-- Opening Marker --

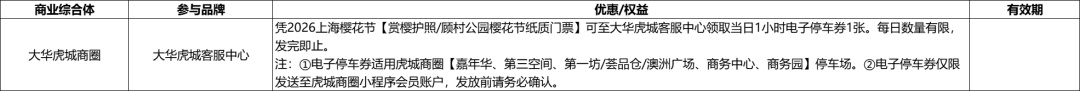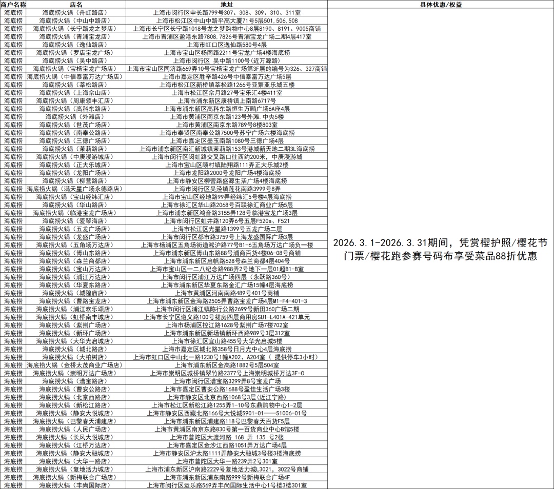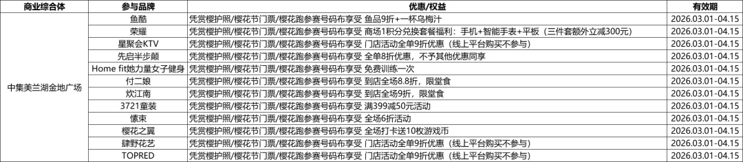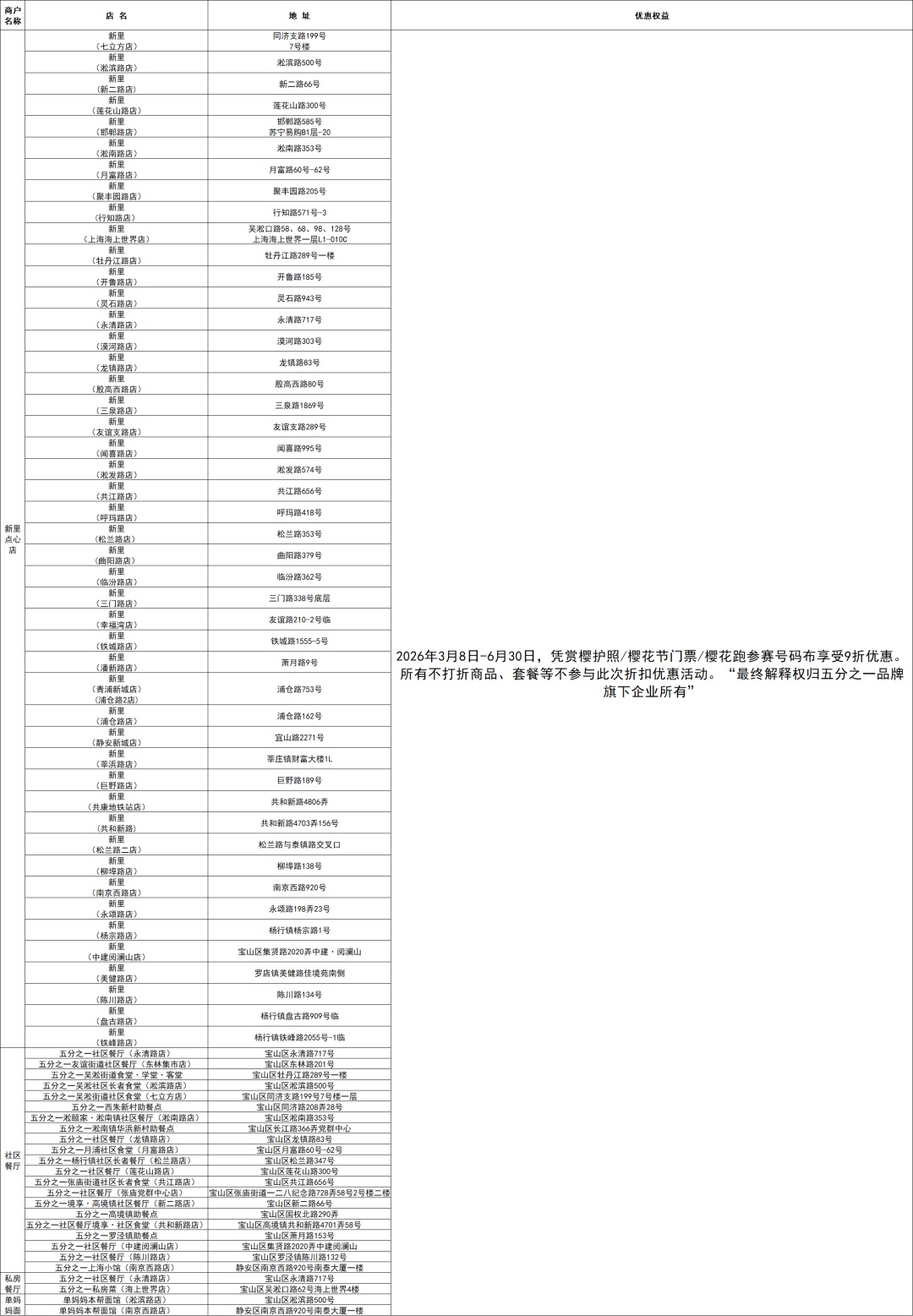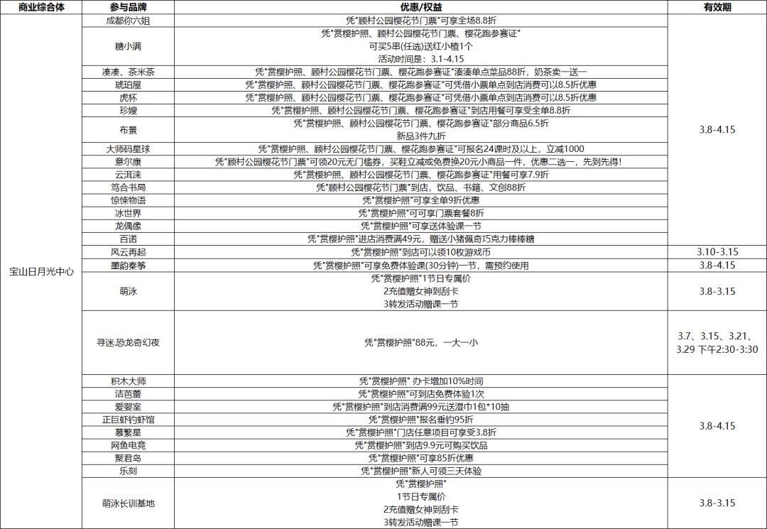 活动期间,持“赏樱护照”、顾村公园樱花节门票、“樱你而美”女子10公里精英赛参赛号码布等凭证,可享受以下众多商户的惊喜权益,畅享吃喝玩乐全方位的超值体验。
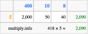 That's all there is to it! As you can see from the box above, the answer to 418 times 5 using the box method is 2,090.
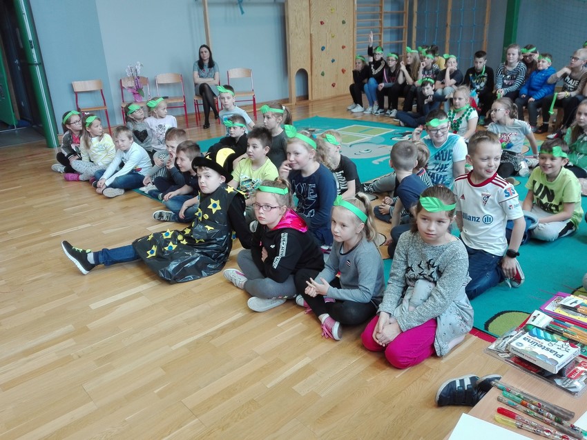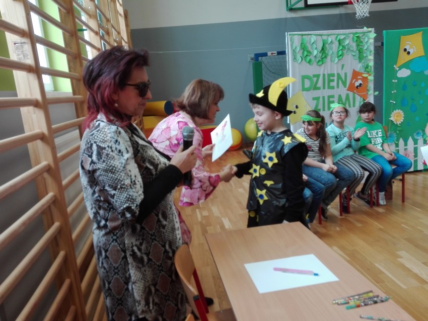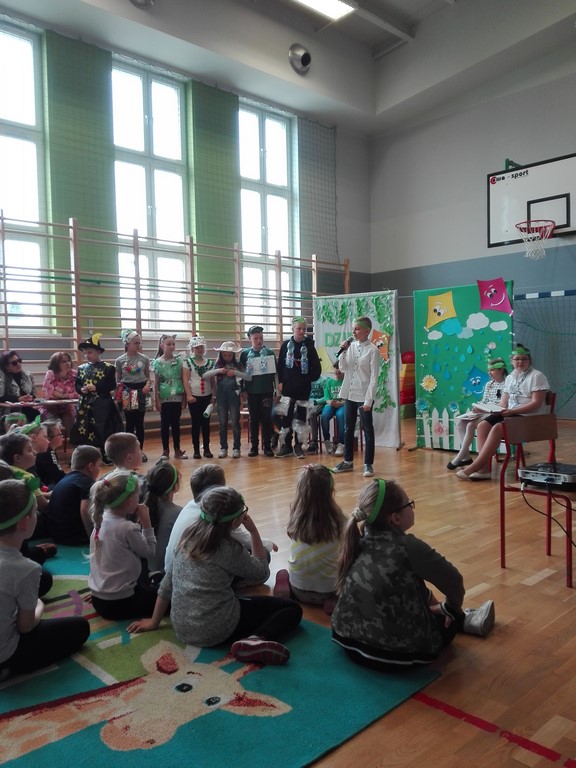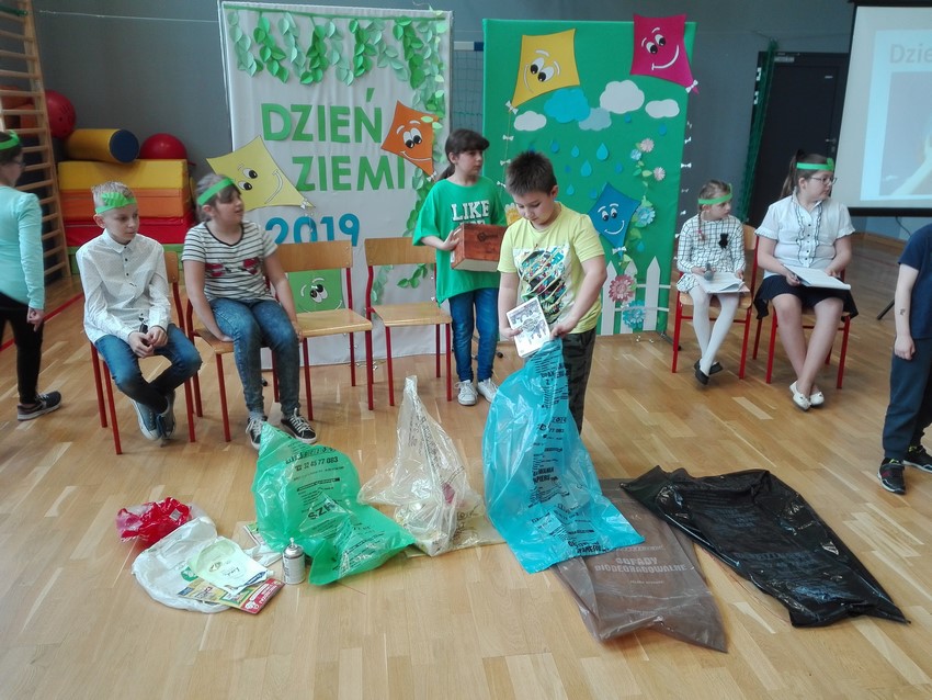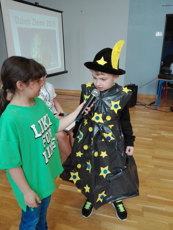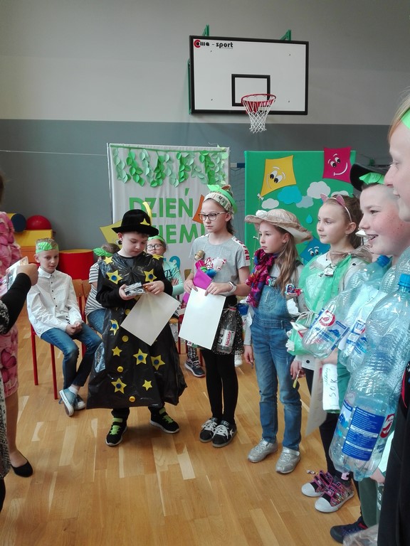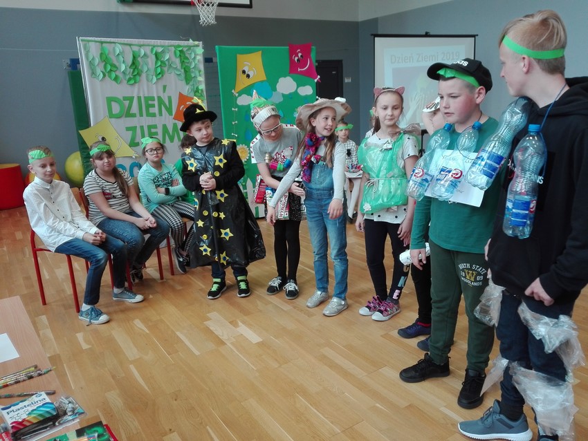 22 kwietnia jest dniem, kiedy w każdej szkole obchodzi się Dzień Ziemi. Uczniowie klasy czwartej przygotowali krótkie przypomnienie jak segregować śmieci. Nadia i Szymon zaśpiewali dla nas piosenki o ekologii, a siedmioro uczniów przebrało się w ekologiczne stroje. Zanim komisja oceniła wykonane stroje, uczniowie musieli odpowiedzieć na pytania związane z ekologią. Wśród tych uczniów pierwsze miejsce zdobył Kacper Staniczek, drugie - Wiktoria Wesper, a miejsce trzecie zdobyła Marta Granieczny. Na koniec obejrzeliśmy filmik "Nakręć się na klimat", który przygotowali uczniowie klasy VI w ramach konkursu. Pamiętajmy, by chronić nasze najbliższe środowisko.

-- Closing Marker --

> **Exercise description**: The reply must consist of the complete listing, reproduced exactly, with no images.

> **Answer to this problem**:
 活动期间,持“赏樱护照”、顾村公园樱花节门票、“樱你而美”女子10公里精英赛参赛号码布等凭证,可享受以下众多商户的惊喜权益,畅享吃喝玩乐全方位的超值体验。
 That's all there is to it! As you can see from the box above, the answer to 418 times 5 using the box method is 2,090.
 22 kwietnia jest dniem, kiedy w każdej szkole obchodzi się Dzień Ziemi. Uczniowie klasy czwartej przygotowali krótkie przypomnienie jak segregować śmieci. Nadia i Szymon zaśpiewali dla nas piosenki o ekologii, a siedmioro uczniów przebrało się w ekologiczne stroje. Zanim komisja oceniła wykonane stroje, uczniowie musieli odpowiedzieć na pytania związane z ekologią. Wśród tych uczniów pierwsze miejsce zdobył Kacper Staniczek, drugie - Wiktoria Wesper, a miejsce trzecie zdobyła Marta Granieczny. Na koniec obejrzeliśmy filmik "Nakręć się na klimat", który przygotowali uczniowie klasy VI w ramach konkursu. Pamiętajmy, by chronić nasze najbliższe środowisko.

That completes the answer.